UN hondo responso de pérdida, en devoto silencio, recorre en plegaria imperturbable los sagrados misterios de las cuentas del rosario. Lloraron las campanas de la Basílica de San Pedro, en tendido lamento, –y en sincronizado repique agudo y doblar ronco el campanario de otros santuarios– anunciando la partida del Pontífice. Acude al inapelable llamado divino a pastorear ahora, desde los cielos ignotos, su numeroso rebaño cristiano. En la densa gravedad de un aire apesarado, flota incienso de gratitud y oración. El alma del mundo terrenal que deja, frutecido de la obra palmaria de su fecunda vida, se inclina… y reza. Con esas sentidas palabras, auscultamos entre los fieles del colectivo, que levanten la mano quiénes de la congregación prefieren –con el amable permiso de los políticos enfrascados en el conflicto de los mismos problemas de soluciones que nunca llegan– que prosigamos con el relato histórico de lo que bien podría, para mayor ilustración de la feligresía, ser tema de sermón en las iglesias y en los cultos.
Como decíamos ayer, –con asistencia de la IA– revisemos la conversión progresiva del emperador Constantino. Corría el año 312 d.C., “antes de la Batalla del Puente Milvio, cuando tuvo una visión divina”. “Usó el símbolo cristiano en su estandarte (el lábaro), y el triunfo que obtuvo por el control de Roma lo inclinó al cristianismo”. “No se bautizó en ese momento ni abandonó completamente los símbolos paganos.

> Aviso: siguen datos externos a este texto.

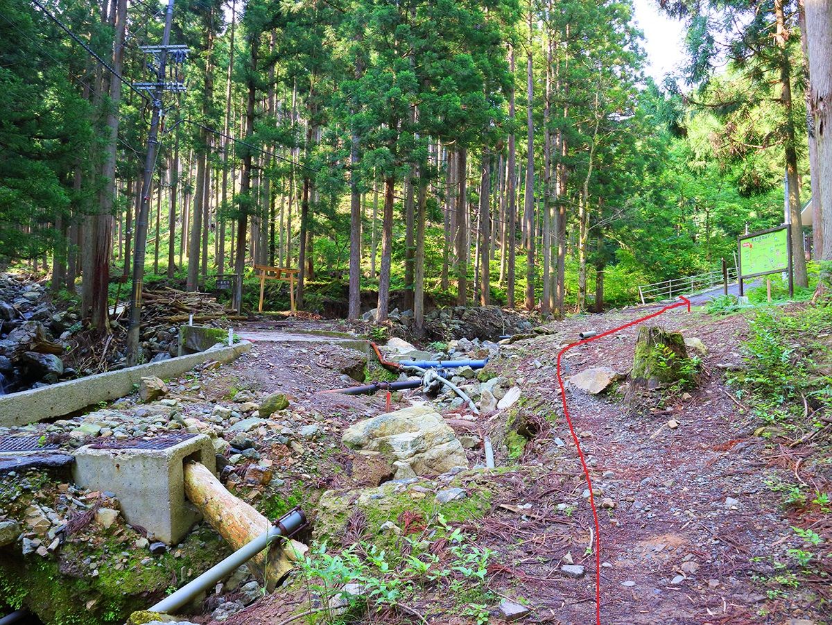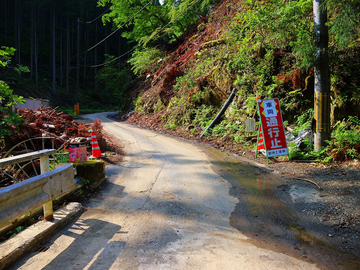この先は車両通行止ということだけど、道路が崩落していて工事をしていた
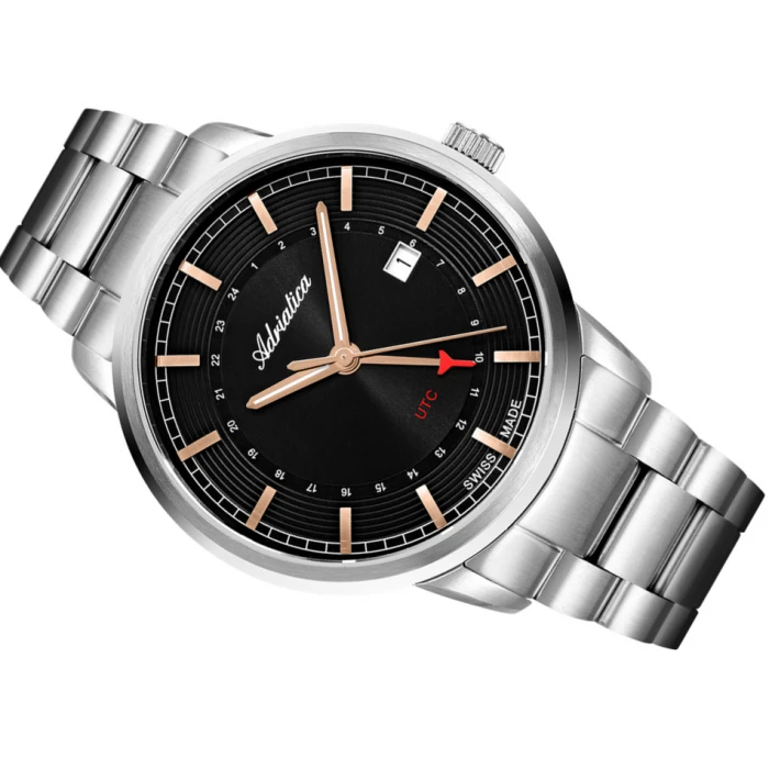Zegarek ADRIATICA A8307.51R6Q to ciekawa propozycja dla stylowych mężczyzn lubiących wyróżniać się z tłumu. Klasyczny design połączony z modnym wykończeniem sprawia, że czasomierz stanie się ulubionym dodatkiem do codziennych, jak i tych bardziej eleganckich stylizacji. Na czarnej tarczy zlokalizowano datownik dni miesiąca, dzięki któremu można w każdej chwili sprawdzić aktualną datę bez konieczności sięgania po telefon lub kalendarz. Wyróżniające się wskazówki i indeksy w kolorze różowego złota nadają odpowiedniego charakteru. Do zabezpieczenia cyferblatu użyto odpornego na zarysowania i stłuczenia szkiełka szafirowego. Bransoleta wraz z kopertą zostały wykonane z trwałej, nierdzewnej i antyalergicznej stali szlachetnej. Urządzenie napędza precyzyjny mechanizm kwarcowy Ronda 515 Swiss Made, a wodoszczelność na poziomie 5 ATM pozwala na delikatne zachlapania np. krople wody, deszcz lub pot.
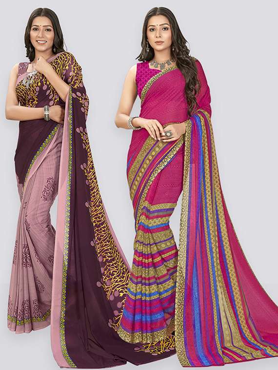 pack of 2 printed casual wear sarees - 21435606 - Very Small Image - 1
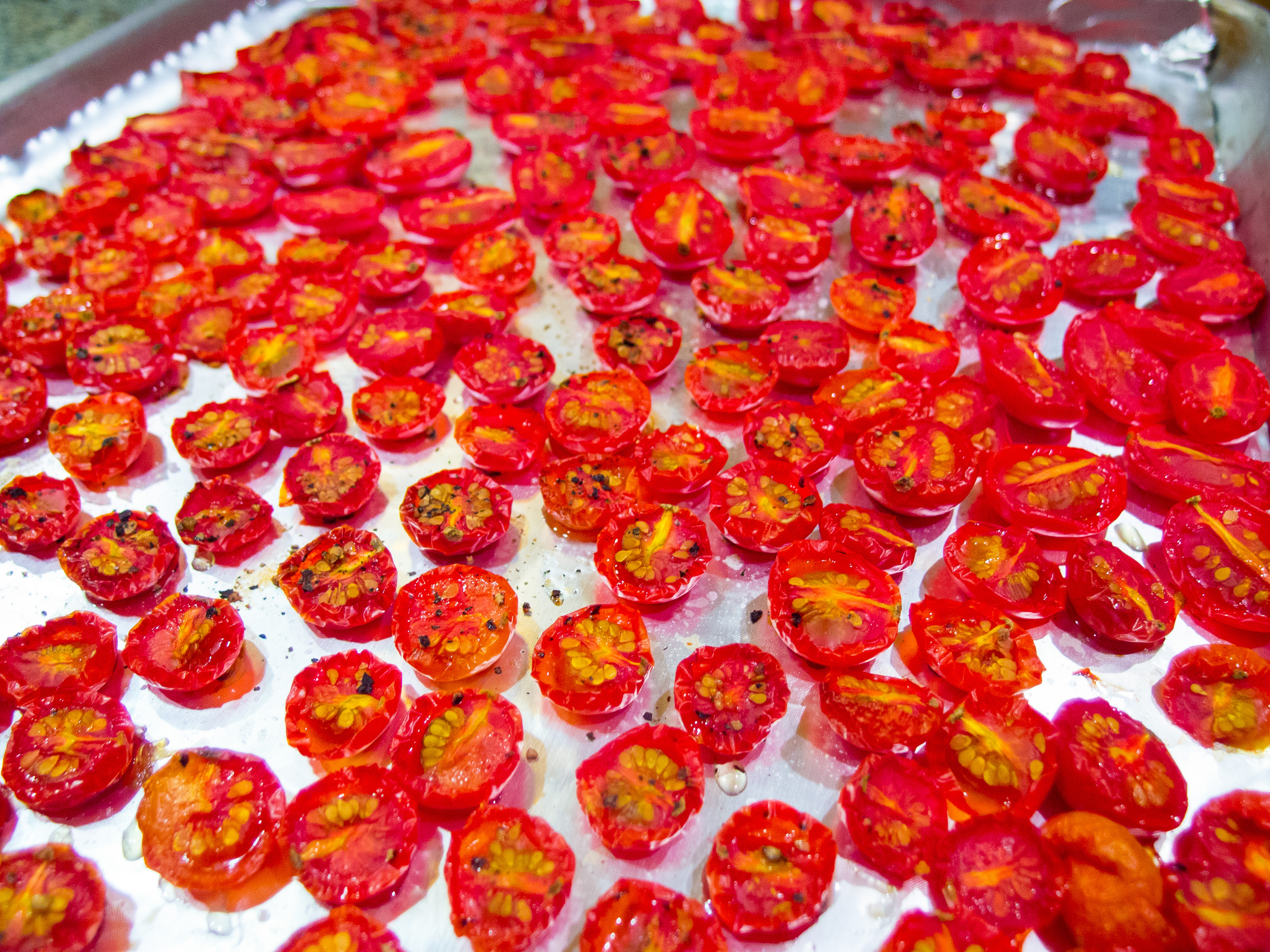 Half the tomatoes and place them on baking sheets close together with the cut side up. Depending on how many tomatoes you have, you may need more than one baking sheet.
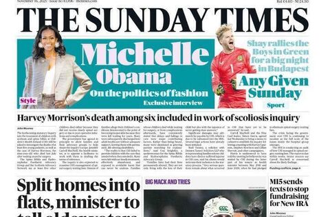 A variety of stories feature on Ireland's front pages on Sunday morning, including scoliosis stories relating to Harvey Morrison, and Gerry Hutch being hit with a €790,000 tax bill.
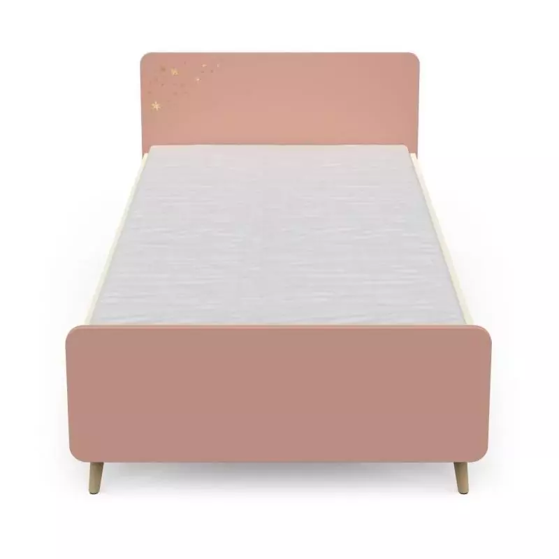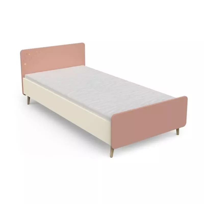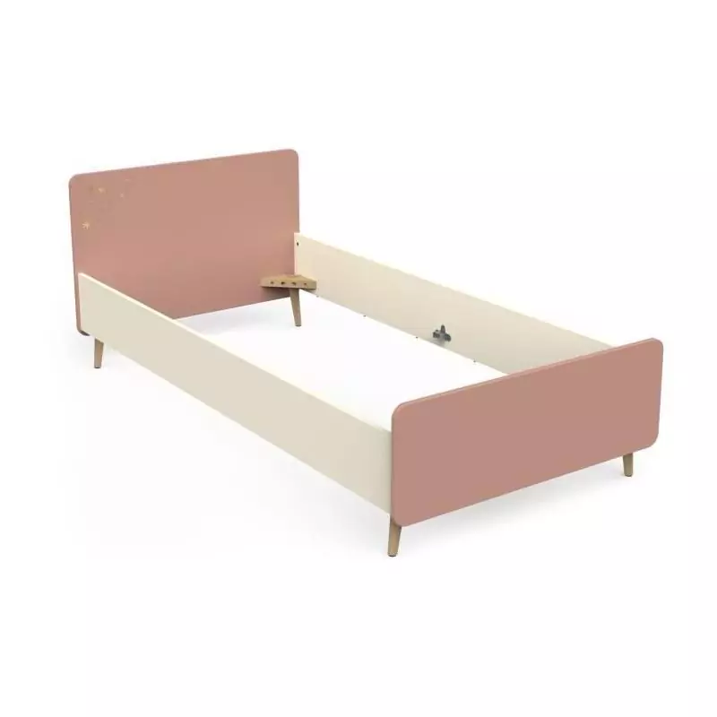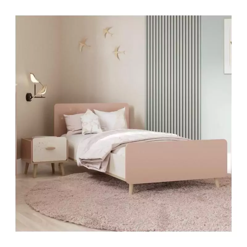 Ensemble Lit et table de chevet - SUZIE - 90 x 190 cm - Chene / Abricot - DEMEYERE
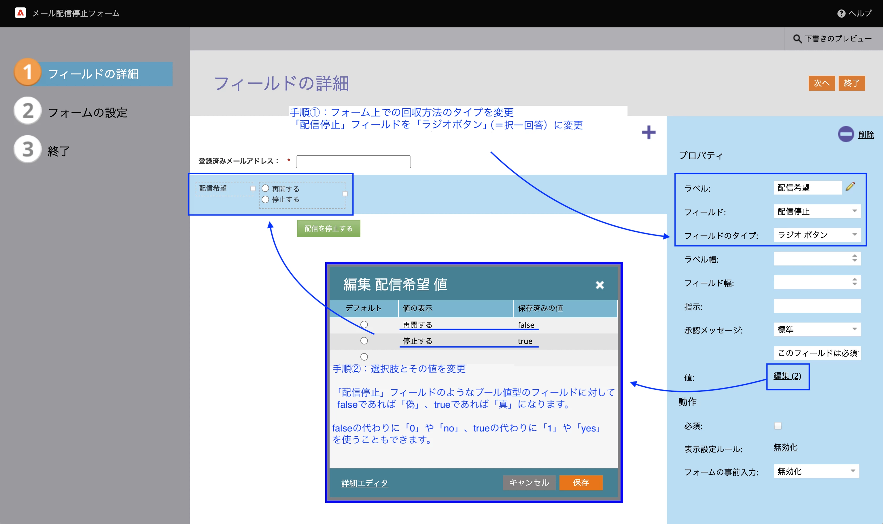 「配信停止」フィールドの回収方法を「ラジオボタン」にする
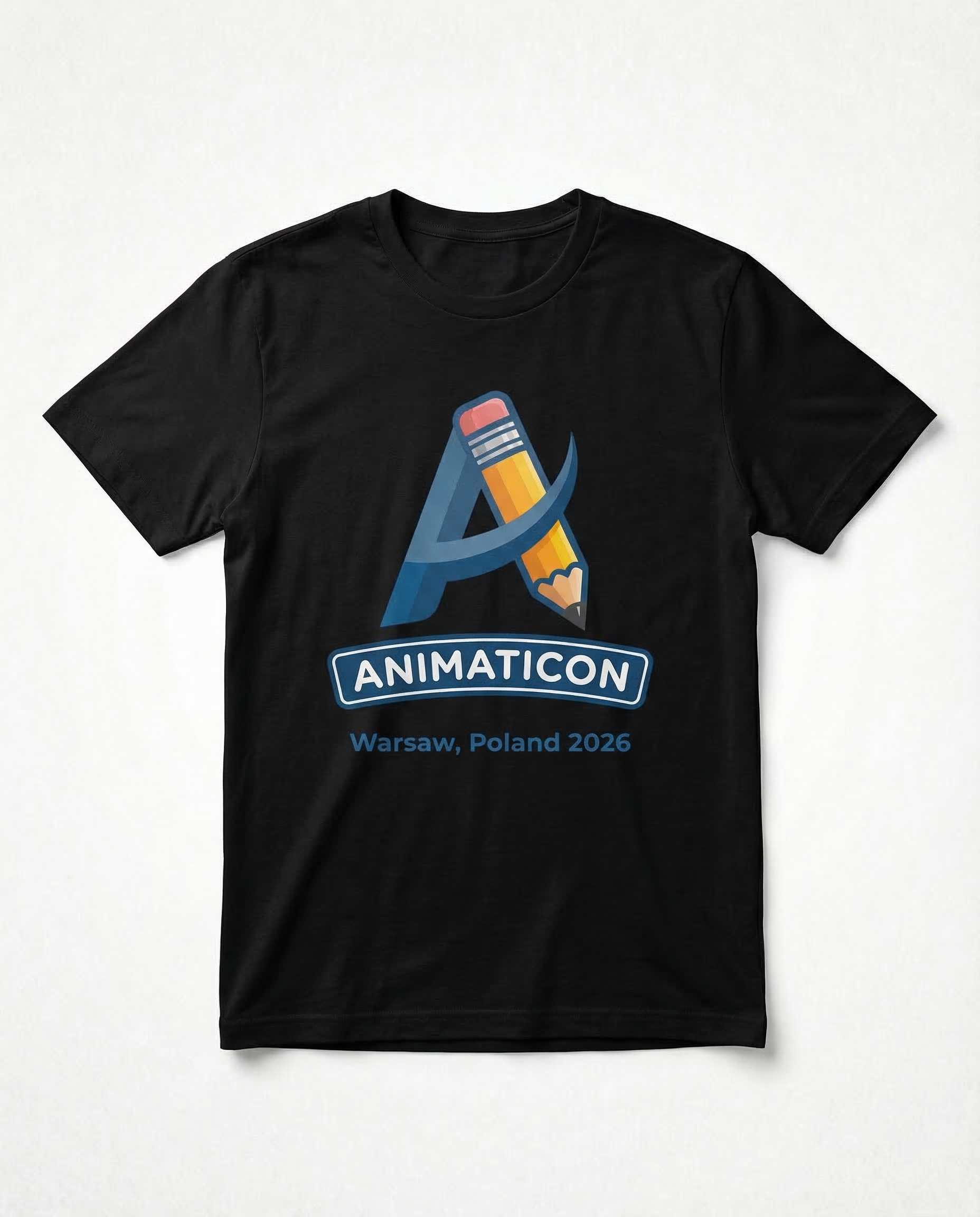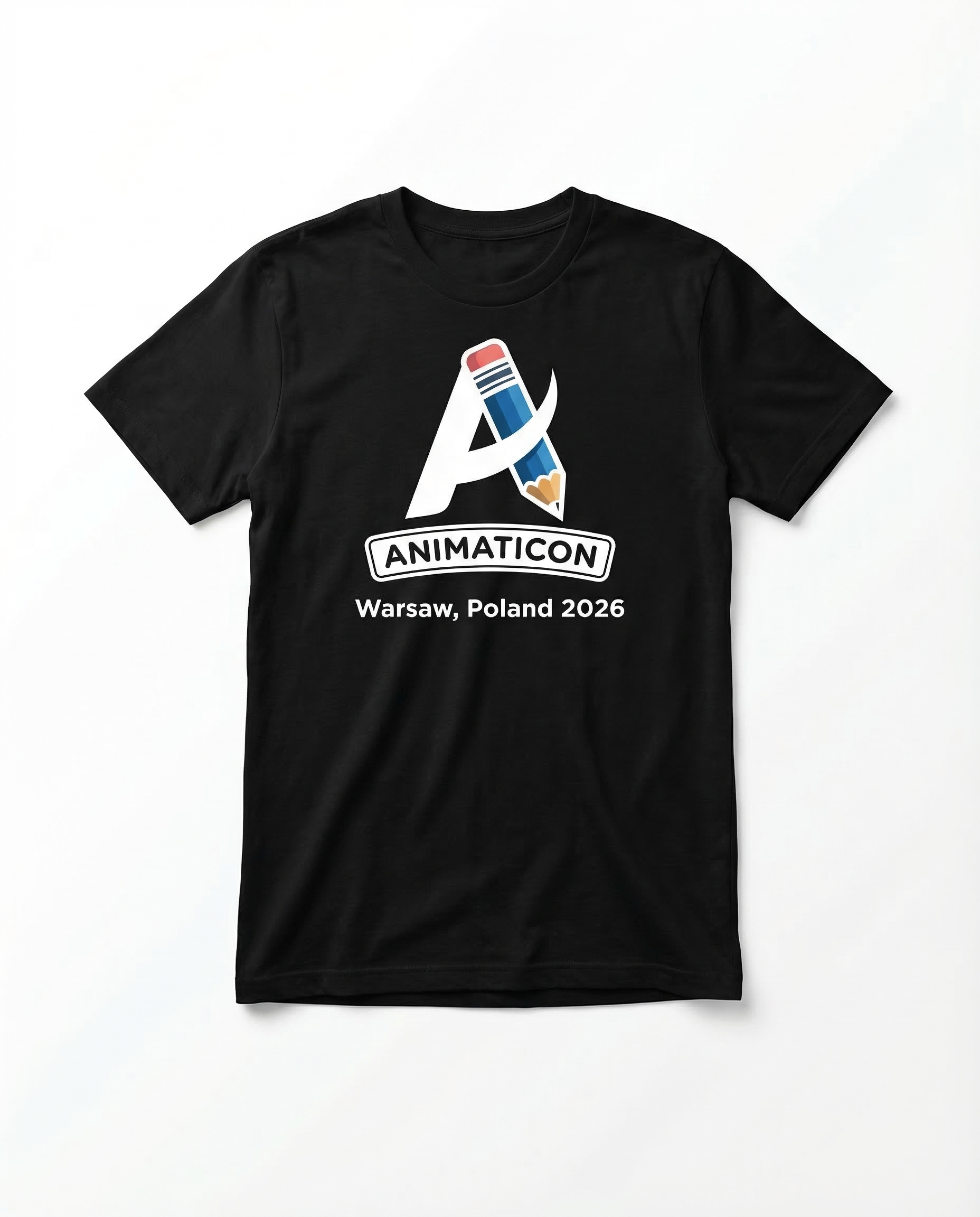 Black cotton tee featuring the Animaticon pencil logo with "Warsaw, Poland 2026" print. Official animation competition merch.

Esperó hasta poco antes de su muerte para recibir el sacramento, de un obispo llamado Eusebio de Nicomedia”. Algunos historiadores refieren que lo hizo “creyendo que el bautismo limpiaba todos los pecados previos, así que prefería hacerlo al final de su vida”. Aunque otros consideran que “mantuvo una ambigüedad calculada entre el cristianismo y el paganismo para mantener cohesión en el imperio”. Sin embargo, hay evidencia en alguna de su obra que demuestra su inclinación cristiana, como “la construcción de iglesias (el Santo Sepulcro en Jerusalén), la prohibición, aunque no todos, de algunos sacrificios paganos. Se autodenominó “obispo de los de fuera”, es decir, guardián laico de la Iglesia”. Fue más “un patrono político del cristianismo que un cristiano devoto en términos modernos, pero sin él, la historia del cristianismo sería radicalmente distinta”.
“El canon bíblico fue un proceso largo que culminó hacia finales del siglo IV. Constantino no lo definió, pero impulsó su consolidación al promover unidad doctrinal y encargar copias oficiales”. Distinto, su madre, Santa Elena. “Uno de los relatos más célebres de la cristiandad primitiva, cargado de devoción, simbolismo y leyenda fue el hallazgo de la cruz”. “Santa Elena realizó una peregrinación a Tierra Santa hacia el año 326 d.C., cuando ya era una mujer anciana y había sido nombrada Augusta por su hijo Constantino”. “Esta peregrinación tuvo fines religiosos y políticos: mostrar el compromiso cristiano del nuevo imperio y localizar los lugares sagrados de la vida de Cristo”.
Las versiones más antiguas (especialmente las de Eusebio de Cesarea y más detalladamente por Rufino de Aquilea, siglo IV): “Santa Elena pidió excavar en el sitio tradicional del Gólgota, donde se hallaban restos de un templo dedicado a Venus, construido por orden del emperador Adriano para borrar rastros cristianos”. “Al excavar, encontraron tres cruces –presuntamente las de Jesús y los dos ladrones– además de clavos y una tablilla con la inscripción “INRI” (Iesus Nazarenus Rex Iudaeorum)”. “Para identificar cuál era la cruz verdadera, se cuenta que hubo una prueba milagrosa: una mujer enferma o moribunda fue tocada por las tres cruces, y al tocar una de ellas se curó. El relato tiene elementos piadosos y legendarios propios del desarrollo de la fe cristiana en el siglo IV”. “No hay pruebas arqueológicas concluyentes que certifiquen que esa cruz específica fue la usada en la crucifixión de Jesús. Sin embargo, el hallazgo fue muy influyente: la Basílica del Santo Sepulcro se construyó sobre el lugar, y trozos de la Vera Cruz se repartieron como reliquias por toda la cristiandad”. (¿Y sabes –entra el Sisimite– qué fin tuvo la cruz? Cuentan que dejó parte del madero en Jerusalén, “donde fue venerado y otro fue llevado a Constantinopla”.
“Durante siglos fueron repartidos por iglesias y catedrales de Europa. Algunas astillas se conservan aún en algunas capillas, aunque su autenticidad es discutida”. -Si bien no puede verificarse ciertamente –agrega Winston– que se trate de la histórica cruz, “el hallazgo de Santa Elena no deja de representar un inmenso valor simbólico y teológico de redención y de fe”. “Como momento en que el cristianismo deja de ser perseguido y pasa a ser una religión imperial. Marca el inicio del culto a las reliquias y de las peregrinaciones cristianas. En la fe cristiana, simboliza la victoria de la cruz sobre la muerte y el sufrimiento”).